Critique croisée: Barbara
Genre cinématographique imposant la plus grande diversité, d'aussi loin que je me souvienne le biopic est au contraire enfermé dans une codification redondante. Il s'agit trop souvent de glorifier son rôle principal ou de donner une leçon d'histoire, au détriment de toute tempérance ou sobriété. Il s'agit trop souvent de reconstituer au plus près de la réalité, au détriment de toute inventivité.
Ne cherchant ni la performance ni l'hommage exhaustif, Barbara et Le Redoutable sont d'intéressantes contradictions à cet état des lieux.
Les biographies d'artistes tombent facilement dans le culte surfait. Ces deux portraits évitent cette héroïsation excessive.
L'icône de la nouvelle vague n'est pas blâmée ou esquintée mais incarnée dans toute sa complexité. Louis Garrel est convaincant dans son interprétation, sans chercher le mime. Le film n'est pas fait pour plaire à Godard ou ses fans. Le personnage peut paraître aussi attachant qu'antipathique.
Le scénario de Mathieu Amalric est loin d'être une simple illustration de la vie de la chanteuse. C'est la représentation personnelle de la place d'une vedette dans la vie d'un artiste; mais aussi la place d'une muse dans l'espace de création. Confondre Barbara et Balibar rend à la fois le biopic plus intimiste et plus universel.
Plutôt que d'illustrer la page Wikipédia de Godard et Barbara, ces deux films ciblent la singularité de ces artistes ou de leur parcours pour signer une œuvre personnelle. Les deux films font preuve de choix forts qui sont totalement assumés.
Hazanavicus souhaite avant tout dépeindre la remise en question d'un artiste malgré ses succès et une vie pleine d'amour. C'est en cela qu'une partie de la vie de Godard intéressait le réalisateur de The Artist.
Mathieu Amalric questionne lui justement la figuration d'une vedette. Barbara montre la recherche et le rapport à la représentation. Le mélange d'archives et de reconstitutions évoquent bien la recherche de la fidélité, tout autant que le personnage de Balibar travaillant le mimétisme jusqu'à une certaine folie.
En somme Amalric et Hazanavicus résument peut-être là la différence entre proposer et supposer.
Ils apportent tous deux de la singularité et de la recherche artistique à leurs œuvres.
Certes Le Redoutable n'est pas plein d'originalité, mais il a le mérite de refléter son protagoniste.

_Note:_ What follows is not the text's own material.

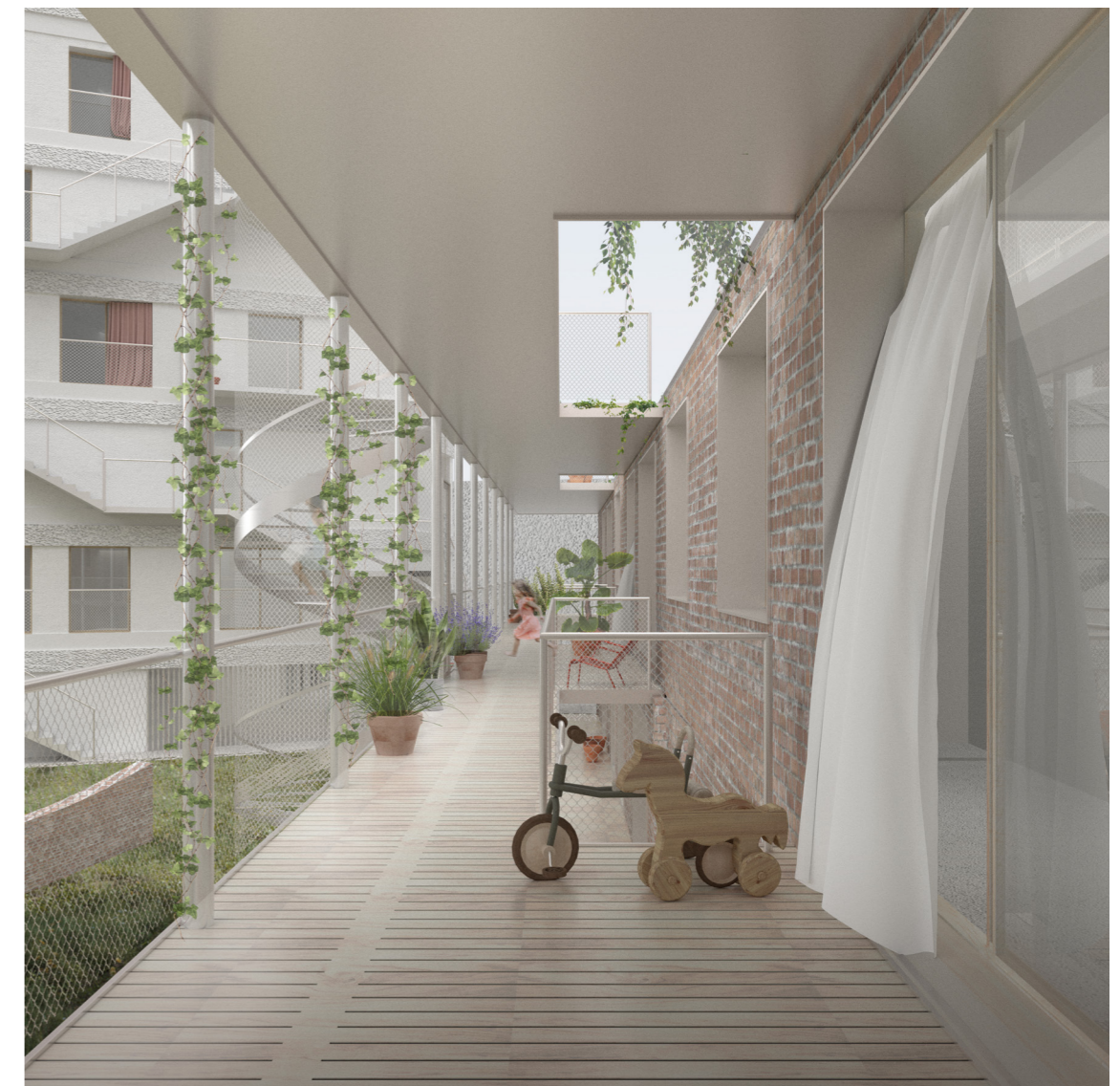
> Vista ballatoi < Pianta PT, 1:200

Il ressemble à un film de Godard avec le recul dérisoire nécessaire. Il y a de vraies propositions artistiques qui, en plus d'être raccord au style Godard, donne du cachet au film. L'utilisation du négatif ou le sous-titrage des pensées des personnages ne sont pas des trouvailles extraordinaire mais de belles et justes propositions. Hazanavicus ose aussi désacraliser le mythe Godard en n'épargnant pas son insupportable arrogance. C'est un parti pris relativement personnel dans la mesure où il le traite par le biais de l'humour cynique (assez délicieux) qui lui est familier.
Quant à Mathieu Amalric, il a trouvé le parfait prétexte avec ce faux making-of qui lui permet de jouer avec le vrai-du-faux mais surtout donner son style singulier au film. L'image de Balibar-Brigitte déambulant dans l'ombre des archives de Barbara est belle esthétiquement et symboliquement. Ces images et scènes stylisées n'existent que par l'angle prit par Amalric.
Quand ils sont des films d'auteurs (Barbara, Walk the line...) ou personnel (Le Redoutable, Gainsbourg- vie héroïque...), intime (Barbara, Last Days...) ou culotté (Le Redoutable, Ed Wood...), les biopics peuvent susciter la curiosité, l'intérêt, l'admiration.
Pourtant assez détaché de Barbara et facilement agacé par Godard j'ai apprécié les portraits proposés par Mathieu Amalric et Michel Hazanavicus. De vrais virgules dans se flot de biopics insipides,monocordes et sans intérêt.